== WHAT THIS TASK INVOLVES ==
Write out the data below in full, unchanged, minus the images.

== GIVEN DATA ==
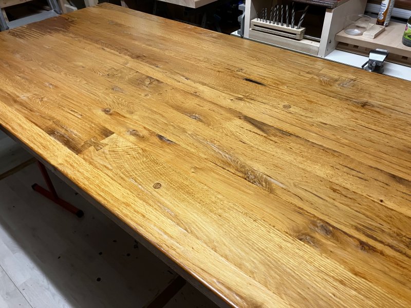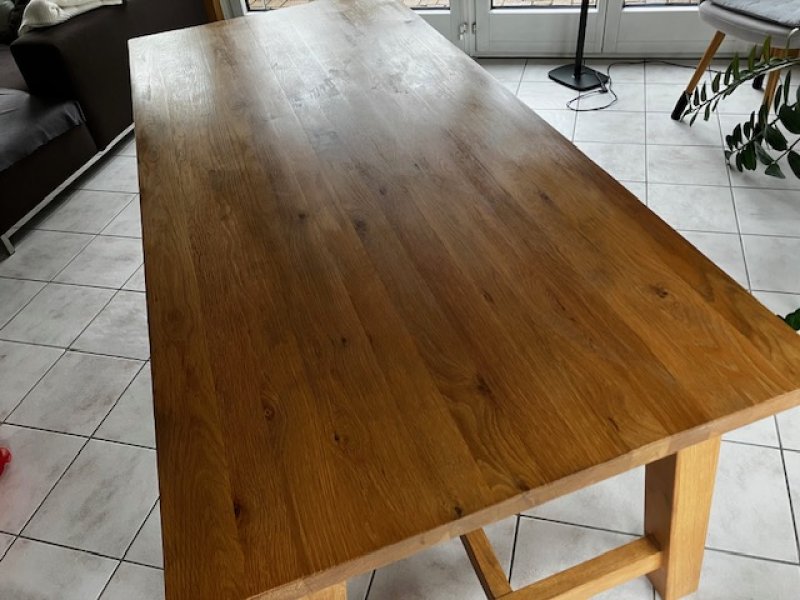 Holztische abschleifen und lasieren, lackieren oder ölen.
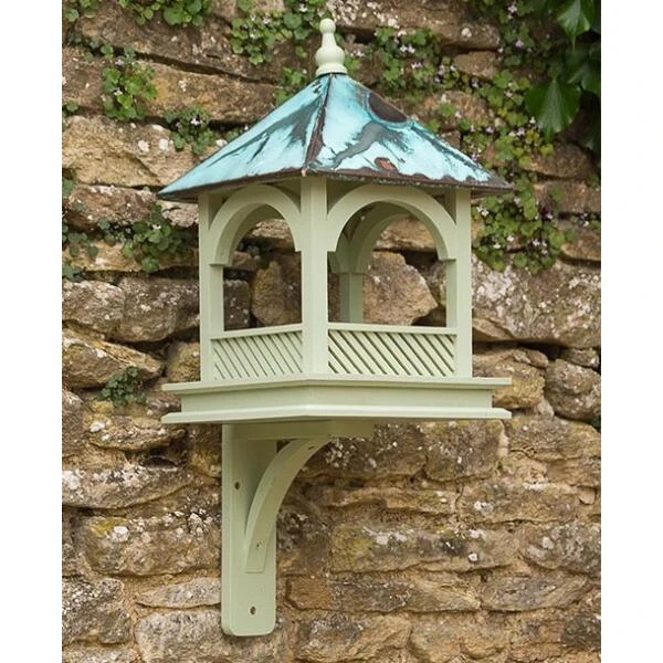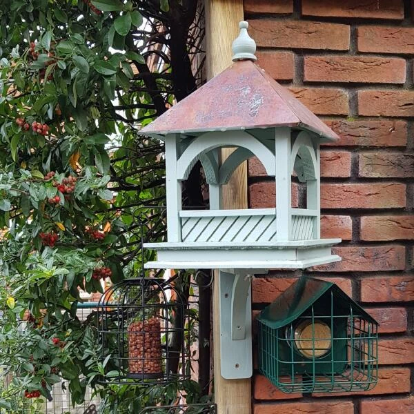 Deze mooie voedertafel is ideaal voor de kleinere soorten vogels in de tuin. Dit model wordt geleverd met een houten hoek, waardoor bevestiging aan de muur, schutting,… mogelijk is. Onder het dak is het voer beschut voor de regen, waardoor het langer goed blijft.
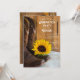 Invite guests to a casual barn party honouring the cowgirl high school or college graduate with the quaint Sunflower and Cowboy Boots Country Western Graduation Party Invitation. Customise it with the specific details of your event. This rustic chic custom ranch theme grad party invite features a farm style photograph of a pair of brown leather cowboy boots and yellow sunflower blossom with a barn wood background. Perfect inspo or idea for an informal barn party celebration event. Available as a printed invitation for mailing or as a digital download for easy sharing digitally online.
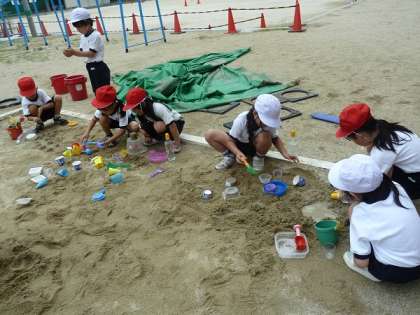 砂場の砂にバケツから水を混ぜて、子どもたちはいろいろなことをやってみて楽しく遊んでいました。
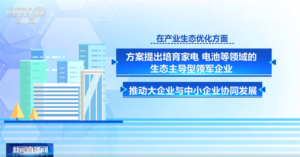 在產(chǎn)業(yè)生態(tài)優(yōu)化方面,方案提出培育家電、電池等領(lǐng)域的生態(tài)主導型領(lǐng)軍企業(yè),推動大企業(yè)與中小企業(yè)協(xié)同發(fā)展;分批打造輕工業(yè)特色產(chǎn)區(qū),引導企業(yè)向中西部轉(zhuǎn)移,淘汰落后產(chǎn)能;通過產(chǎn)融合作、知識產(chǎn)權(quán)質(zhì)押貸款等方式,培育世界一流企業(yè)和專精特新“小巨人”企業(yè)。
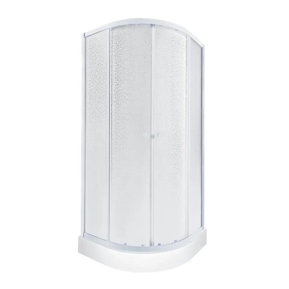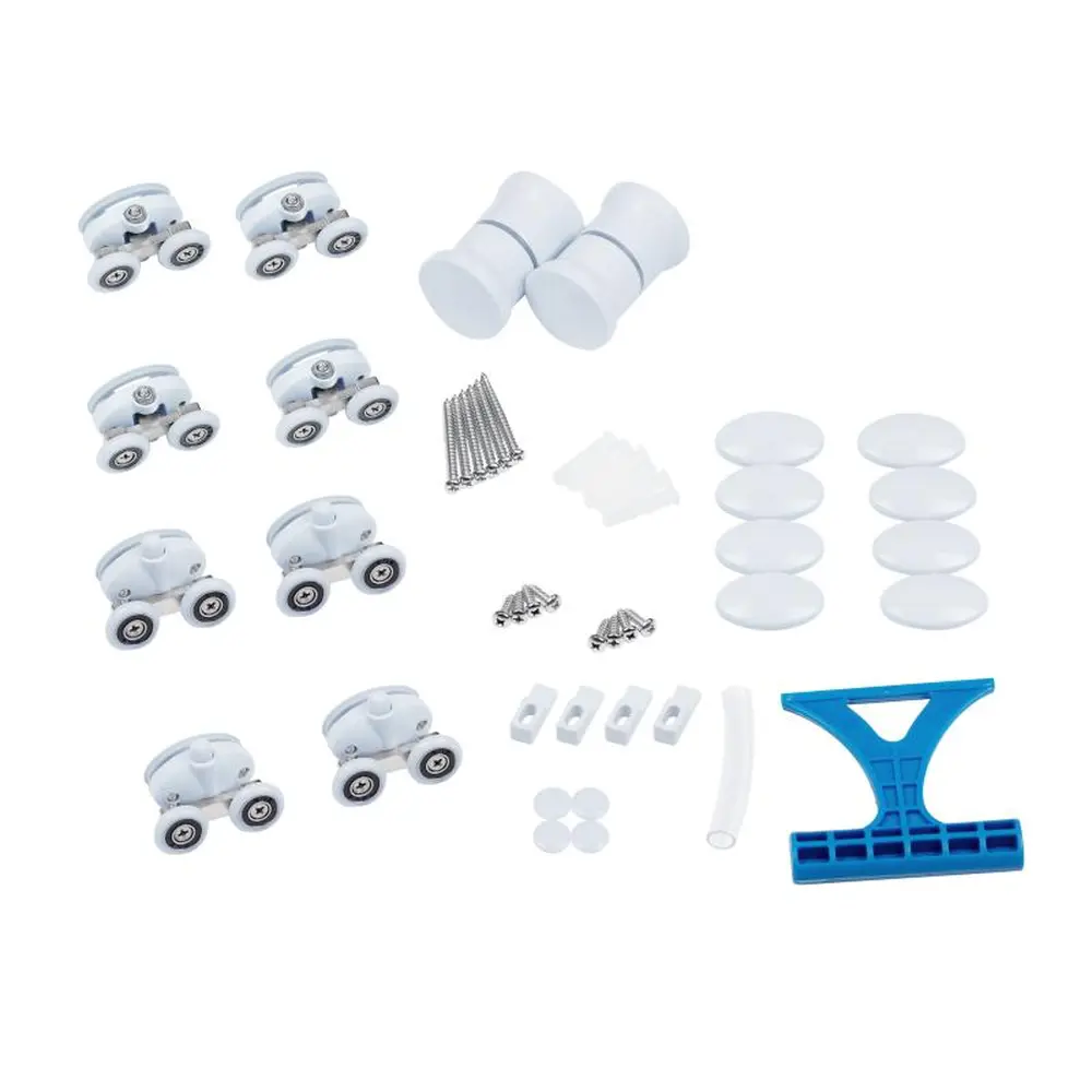 Подвійні ролики, ручки, верхній профіль, нижній профіль, бічні профілі, набір ущільнювачів, розширювальні профілі, 2 скляні двері, 2 глухих скла, комплект кріпильних деталей, заглушки, з‘єднувальні елементи, фіксатори, піддон, ніжки, сифон з гідрозакривом.
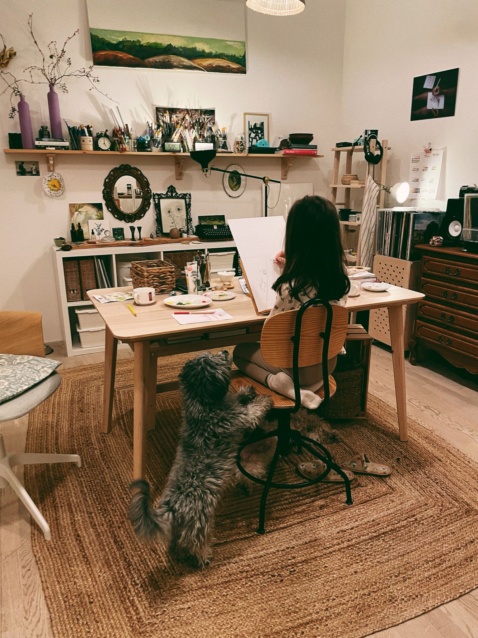 Flori and I first met in the botanical garden. As some of you may know I have a golden havamalt, Daisy. Flori has two havamalts as well: Lupi and Nero. The two pups are Daisy’s best friends. I have never seen her as excited, happy, or playful with other dogs. Thus began a few intentional meetings or accidental run-ins in the city with the dogs. The more we got to know each other, I discovered a fellow artist!
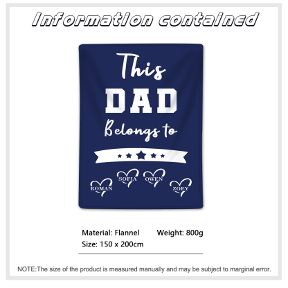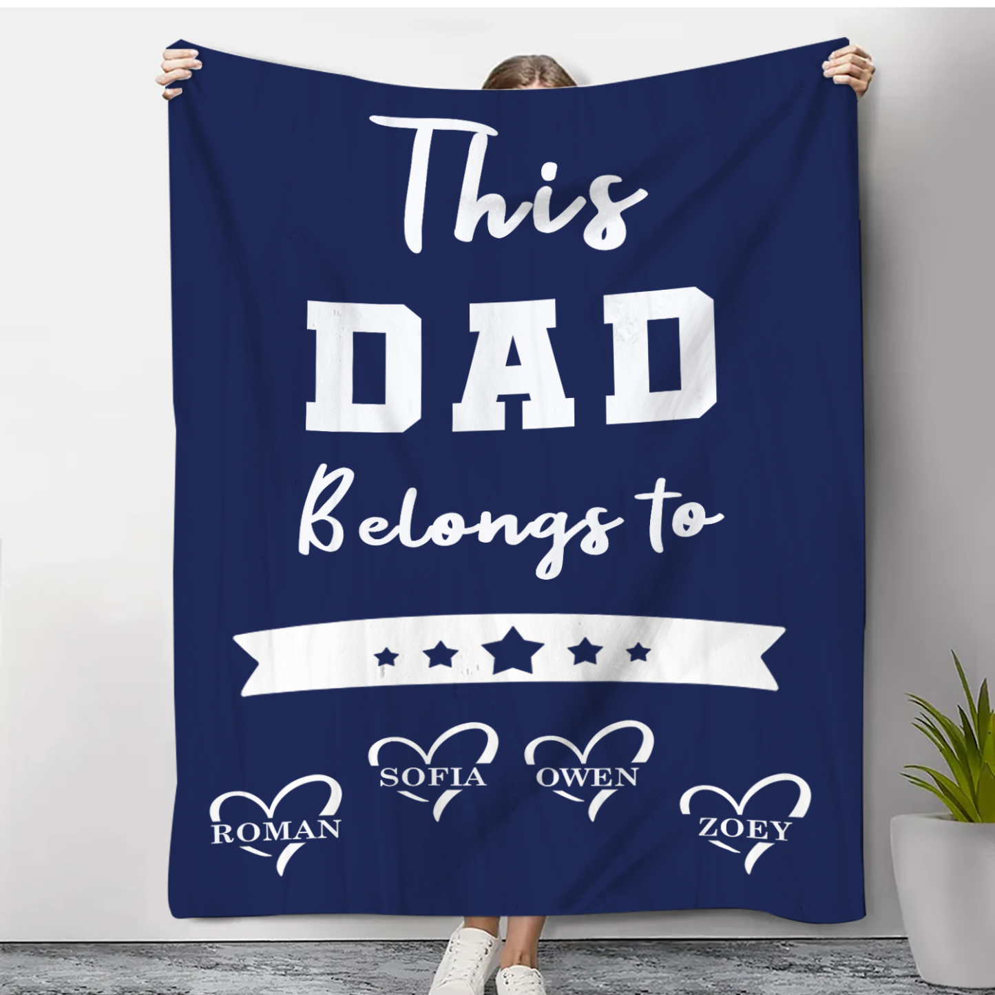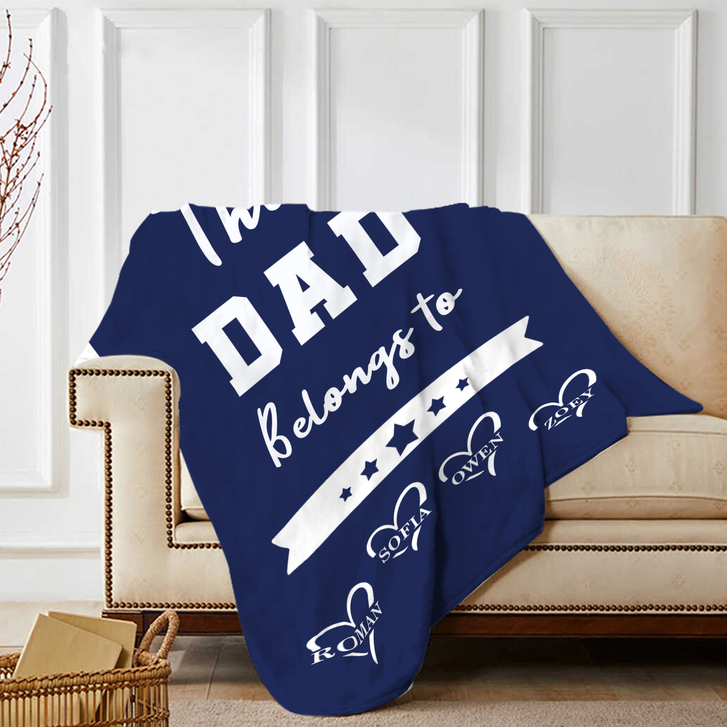 4 Names-Personalized Blanket "This Dad belongs to" Customized Name as a Father's Day Gift for Dad

== RESPONSE TO THE TASK ==
 Holztische abschleifen und lasieren, lackieren oder ölen.
 Deze mooie voedertafel is ideaal voor de kleinere soorten vogels in de tuin. Dit model wordt geleverd met een houten hoek, waardoor bevestiging aan de muur, schutting,… mogelijk is. Onder het dak is het voer beschut voor de regen, waardoor het langer goed blijft.
 Invite guests to a casual barn party honouring the cowgirl high school or college graduate with the quaint Sunflower and Cowboy Boots Country Western Graduation Party Invitation. Customise it with the specific details of your event. This rustic chic custom ranch theme grad party invite features a farm style photograph of a pair of brown leather cowboy boots and yellow sunflower blossom with a barn wood background. Perfect inspo or idea for an informal barn party celebration event. Available as a printed invitation for mailing or as a digital download for easy sharing digitally online.
 砂場の砂にバケツから水を混ぜて、子どもたちはいろいろなことをやってみて楽しく遊んでいました。
 在產(chǎn)業(yè)生態(tài)優(yōu)化方面,方案提出培育家電、電池等領(lǐng)域的生態(tài)主導型領(lǐng)軍企業(yè),推動大企業(yè)與中小企業(yè)協(xié)同發(fā)展;分批打造輕工業(yè)特色產(chǎn)區(qū),引導企業(yè)向中西部轉(zhuǎn)移,淘汰落后產(chǎn)能;通過產(chǎn)融合作、知識產(chǎn)權(quán)質(zhì)押貸款等方式,培育世界一流企業(yè)和專精特新“小巨人”企業(yè)。
 Подвійні ролики, ручки, верхній профіль, нижній профіль, бічні профілі, набір ущільнювачів, розширювальні профілі, 2 скляні двері, 2 глухих скла, комплект кріпильних деталей, заглушки, з‘єднувальні елементи, фіксатори, піддон, ніжки, сифон з гідрозакривом.
 Flori and I first met in the botanical garden. As some of you may know I have a golden havamalt, Daisy. Flori has two havamalts as well: Lupi and Nero. The two pups are Daisy’s best friends. I have never seen her as excited, happy, or playful with other dogs. Thus began a few intentional meetings or accidental run-ins in the city with the dogs. The more we got to know each other, I discovered a fellow artist!
 4 Names-Personalized Blanket "This Dad belongs to" Customized Name as a Father's Day Gift for Dad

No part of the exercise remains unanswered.